MSP rescues epithelial cells from serum deprivation-induced apoptosis via PI3-K/AKT and MAPK pathways. (A) The effect of MSP on RE7 cells or RE7 cells with transiently expressed dominant-negative AKT was studied in serum-free medium in the presence of inhibitor LY294002 or PD98059 or both combined. After 24 h of incubation, the percentage of apoptotic cells was determined by TUNEL staining. Each experimental point represents the mean percentage (+ standard deviation) of apoptotic cells in three independent experiments. (B) AKT kinase activity was determined as phosphorylation of histone H2B in vitro as described in the legend to Fig. 3. MAPK activity was determined in total cell lysates by Western blotting with antibodies specific for phosphorylated MAPK.

FIG. 7

Adhesion promotes translocation of MSP-activated MAPK from the cytoplasm into the nucleus.
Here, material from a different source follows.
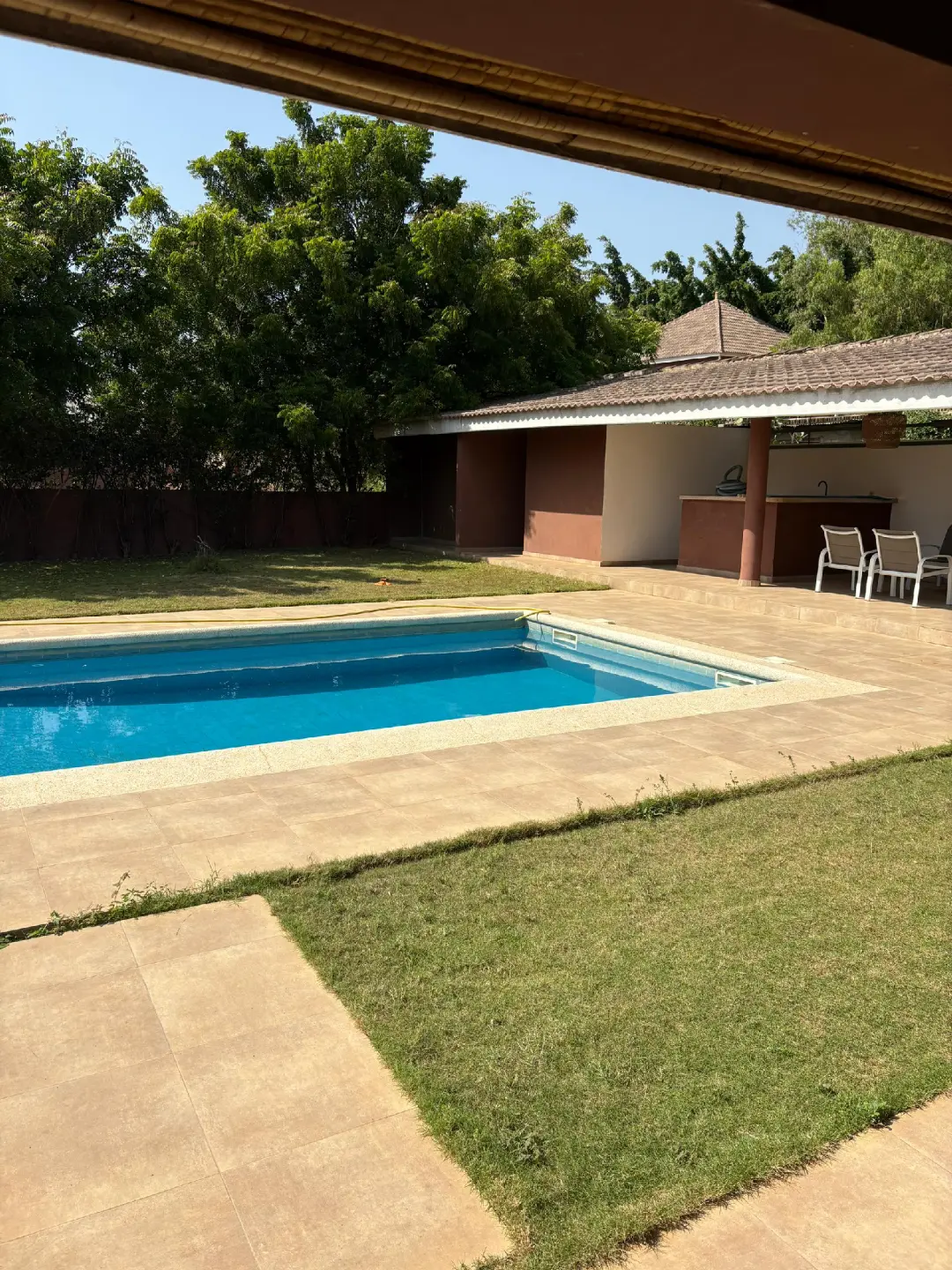 Une magnifique villa meublée de plein pied, style duplex de 3 chambres, dotée d’un grand salon/séjour, d’une cuisine équipée, d’un grand jardin avec piscine et véranda ainsi que d’une petite cuisine d’été.

Starved RE7 epithelial cells were stimulated with 5 nM MSP for 15 min in suspension or on coverslips, and then translocation of MAPK was detected by indirect immunofluorescence analysis (A) or by Western blotting of cytoplasmic and nuclear cell extracts (B) with antibodies to phosphoMAPK (pMAPK) (top) or total MAPK (bottom).